On Fri, Jul 23, 2010 at 11:36:14AM -0500, Kenneth Marshall wrote:
> Dear PostgreSQL community,
>
> I have the following function used to select tokens individually
> from a table and avoid a sequential scan of the table:
>
> create function lookup_tokens(integer,bigint[])
> returns setof dspam_token_data
> language plpgsql stable
> as '
> declare
> v_rec record;
> begin
> for v_rec in select * from dspam_token_data
> where uid=$1
> and token in (select $2[i]
> from generate_series(array_lower($2,1),array_upper($2,1)) s(i))
> loop
> return next v_rec;
> end loop;
> return;
> end;';
>
> I would like to execute the same lookup but with the array sorted. I
> used the following definition of sort:
>
> CREATE OR REPLACE FUNCTION sort(anyarray)
> RETURNS anyarray AS $$
> SELECT array(SELECT * FROM unnest($1) ORDER BY 1);
> $$ language sql;
>
> and added a call to it to the function:
>
> create function lookup_tokens_sort(integer,bigint[])

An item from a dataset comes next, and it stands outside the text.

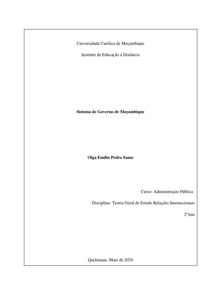 Neste presente trabalho que tem como tema Sistema de Governo Moçambicano, abordarei os

> returns setof dspam_token_data
> language plpgsql stable
> as '
> declare
> v_rec record;
> begin
> for v_rec in select * from dspam_token_data
> where uid=$1
> and token in (select (sort($2))[i]
> from generate_series(array_lower($2,1),array_upper($2,1)) s(i))
> loop
> return next v_rec;
> end loop;
> return;
> end;';
>
> The problem with this is that the sort() appears to be called once
> per token because the run without the sort takes < 1 millisecond and
> with the sort take about 4 seconds. Is there a way to call the sort()
> only once and use the result in the loops instead of sorting each
> time. Any help would be appreciated. The actual sorted loop will
> be needed for the update functions to prevent deadlocks.
>
> Regards,
> Ken
>
As a follow-up, I can get the desired result by placing the
sort() call in the original SQL query:
SELECT * FROM lookup_tokens( xxx, sort(yyy));
Does anyone have any ideas on how to embed the sort()
call into the pl/pgsql function without a performance impact.
Cheers,
Ken